Wednesday, August 16, 2006

Potato Man

I met Sven in Paris where we enjoyed shopping together for potatoes at the open-air market. I used them in stews. New potatoes tasted great boiled fresh with butter and parsley. Potatoes were always on the menu when we ate out. French cuisine satisfied Sven’s craving for the humble tuber, the result of having been raised on a potato-rich diet in Sweden.

My husband retired nine years ago and we moved from Europe to Cape Cod. Since American meals consist of a vegetable, meat or fish, and a starch, I started alternating rice, pasta, and potatoes at dinner. Little did I know this regime was a recipe for disaster. Sven began to lose his joie de vivre. He did not walk with the usual swagger, the glint left his eye, and meals ceased to be the treat they once were. Something was wrong . . .

One day I decided to start a vegetable garden in order to provide fresh tomatoes to guests at our bed and breakfast. While perusing a seed catalogue, I noticed Swedish peanut fingerlings and remembered a neighbor’s comment that potatoes would thrive in the sandy soil of Wellfleet. It occurred to me that Sven might enjoy growing spuds. After all, didn’t potato plants dot the fields around his hometown? His mother had even produced “snow balls” in her backyard. Perhaps we should try growing potatoes, too? Without hesitation, I added a pound of “Swedish peanuts” to my order.

When the seed potatoes arrived, Sven showed me how to cut them so two eyes were on the surface and explained the hilling-up process. Eagerly he planted the spuds himself. He began to go out into the garden more often. Together we watched as the little plants began to sprout and flower. He watered the plants with care and picked off potato beetles. Then one day Sven pronounced the growing period over. Our crop was ready. Digging our first potatoes was quite an event. At dinner that night Sven slid a slice of fingerling into his mouth as if it were a communion wafer. A look of bliss spread across his face. In fact, the potatoes made him so happy that I decided to order more. In subsequent years, I purchased five pounds, then eight, then eighteen. Each year we try new varieties. Our organic potatoes taste better than any I have ever purchased at a supermarket.
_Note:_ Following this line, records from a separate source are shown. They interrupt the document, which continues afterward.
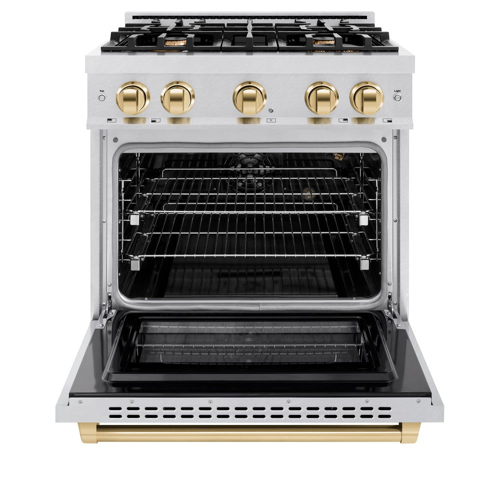 Luxury isn’t meant to be left desired—it’s meant to be attainable. The ZLINE Autograph Edition 30 in. 4.2 cu. ft. Select Gas Range with 4 Burner Cooktop and Convection Gas Oven in Satin Stainless Steel and Polished Gold Accents (HGRSZ-30-G) combines the elegance of a hand-finished porcelain gas cooktop with 4 Italian-made auto-reignition burners, a gas convection oven with an energy-efficient cooling fan to ensure quiet operation, a Horizon oven door window design, and stunning polished gold knobs and handle allowing you to master every meal. With a modern, timeless style and refined functionality, ZLINE Select Gas Ranges are masterfully crafted to deliver an elevated culinary experience.
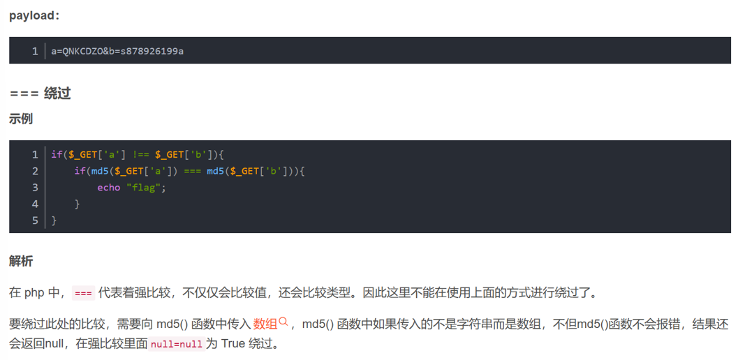 以为是Name从get变成post,改一下输入curl就行 发现不对! 转头一看发现是严格相等。为=== 由于题目还限定了强制转化字符串比较,因此不能使用数组来绕过,我们需要构造一对md5相同而不同字符的字符串。我们只能使用md5碰撞来实现。 去网上找一下符合要求的,复制粘贴形成post要传的参数。 curl post记得urlencode,把特殊字符传出去。
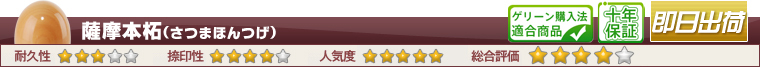 薩摩本柘は同じ柘材の中で最も品質が高く、経年変化も少ない印材です。当店は全て環境問題の栽培基準をクリアしたエコロジーな「薩摩本柘」を使用しております。「薩摩本柘」は高級印材でありつつ他の印材と比べて最も安価で、木目の美しさが魅力な印材です。衝撃に弱いので、印鑑ケースとセットでのご購入をお勧めします。
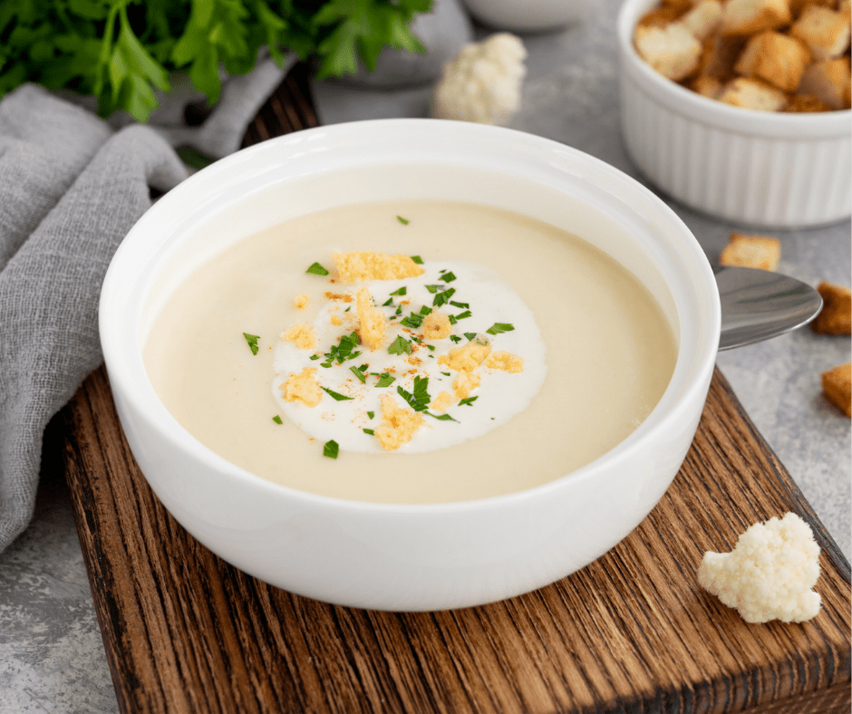 - In a crockpot, add in cauliflower and garlic, chicken broth, cover with lid and let it cook for 8 hours on low.

Sven has become Potato-Farmer-in-Chief, responsible for our potato crop. Every fall he shovels in compost and manure. In the spring, he tills the soil and digs furrows. He makes holes in neat little rows and tucks the tubers into the earth. Together we wait expectantly as the garden blossoms with potato plants flowering purple, white and pink. With bees buzzing around us, we hold hands and contemplate our potato fields, happy at last. “I guess I’m a potato man,” Sven concludes as he serves up a feast of fresh boiled new potatoes with salmon and dill. Potato man he is.